Assume then we have fixed a notion of solution of the genome assembly problem. The contig assembly problem can be mathematically formulated as finding the strings that are common to all assembly solutions. When the notion of an assembly solution is a circular walk covering all nodes/edges of an assembly graph, we have given a characterization (omnitigs) of the walks in a de Bruijn graph corresponding to all such possible contigs:
Tomescu, Medvedev. Safe and Complete Contig Assembly Via Omnitigs. In Proc. RECOMB 2016.
In particular, if we assume no sequencing errors, complete genome coverage and no polyploidity, then omnitigs are a full characterization of everything that can be assembled from a de Bruijn graph. Later, we gave an improved algorithm for finding all omnitigs of a graph, that is also optimal in the output size:
Cairo, Medvedev, Obscura Acosta, Rizzi, Tomescu, Optimal Omnitig Listing for Safe and Complete Contig Assembly, In Proc. CPM 2017.
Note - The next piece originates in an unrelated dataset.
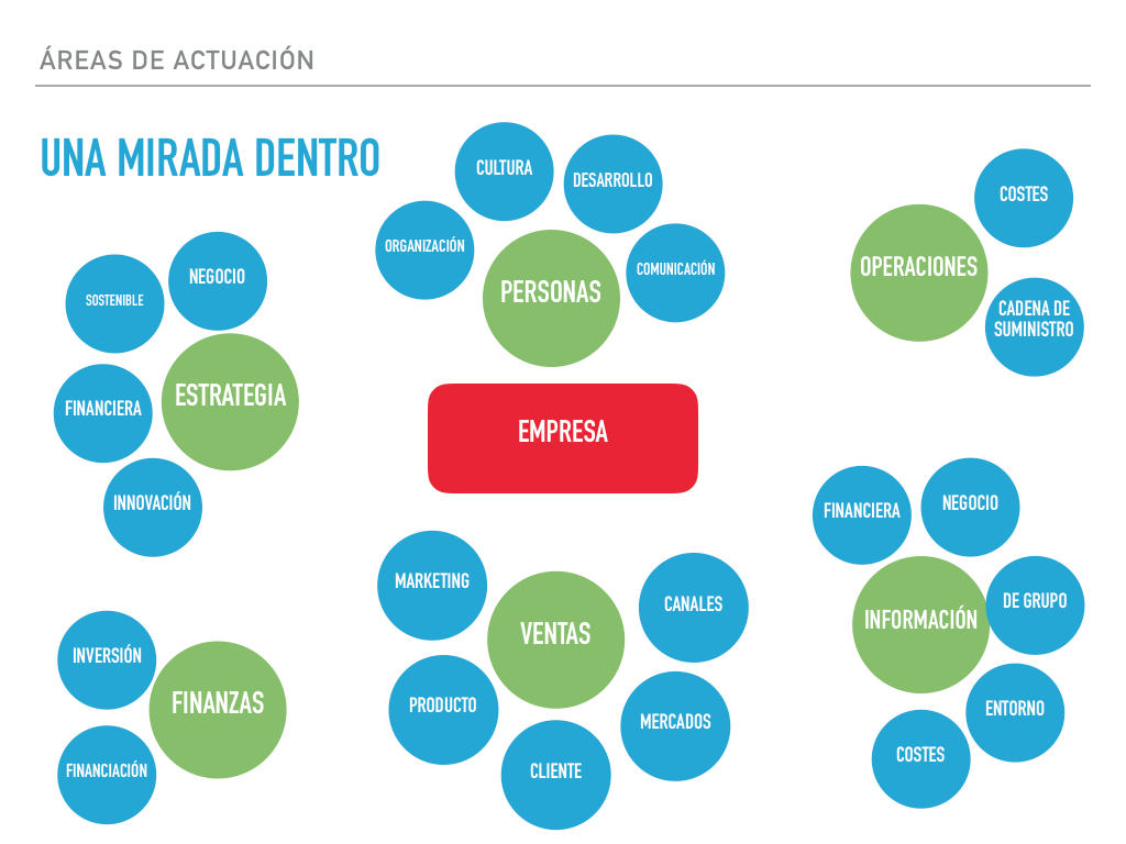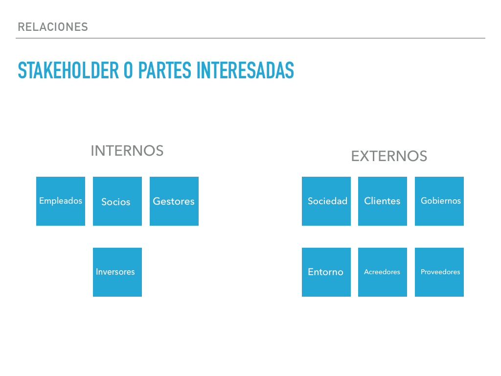 Por este motivo vamos a introducir dos ámbitos: por un lado, las partes interesadas en la empresa o ¨stakeholders¨ y por otro lado, las áreas de actividad de la empresa.
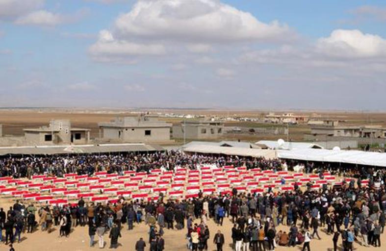 وحضر الرئيس العراقي برهم صالح ورئيس الوزراء مصطفى الكاظمي في الرابع من فبراير شباط جنازة رسمية أقيمت في بغداد لمئة وأربعة من الضحايا اليزيديين الذين تم تحديد هوياتهم، قبل دفنهم في كوجو التي لا تزال مهجورة يخيم عليها الدمار والخراب.

We studied the scaffolding problem in genome assembly where preassembled contigs are ordered based on mate pair data. We presented a new method which divides the problem into small subproblems of restricted size and solves these exactly with mixed integer programming. In particular we develop a technique restricting the size of the subproblems so that the subproblems can be solved exactly.
- Salmela, Mäkinen, Välimäki, Ylinen, Ukkonen. Fast Scaffolding with Small Independent Mixed Integer Programs. Bioinformatics 27(23): 3259-3265, 2011.
We presented a rigorous formulation of the gap filling phase of genome assembly and show that the problem is NP-complete. We further give a pseudopolynomial algorithm for gap filling and show that it is practical for bacterial genomes. These approaches used the exact path length problem studied earlier a different application in mind.
M. Nykänen & E. Ukkonen: The exact path length problem. Journal of Algorithms 42 (2002), 41–53.
- Salmela, Sahlin, Mäkinen, Tomescu. Gap Filling as Exact Path Length Problem. Journal of Computational Biology 23(5);347–361. 2016
Salmela, Tomescu. Safely filling gaps with partial solutions common to all solutions. In Proc. WABI 2016.
Assembly validation etc.
- Mäkinen, Salmela, and Ylinen. Normalized N50 Assembly Metric using Gap-Restricted Co-Linear Chaining. BMC Bioinformatics, 13:255 (3 October 2012).
The scaffolding and validation tools described above have been used in a recent assembly project:
- Ahola V., Lehtonen R., Somervuo P. et al. The Glanville fritillary genome retains an ancient karyotype and reveals selective chromosomal fusions in Lepidoptera. Nature Communications, 5:4737, Sept. 2014.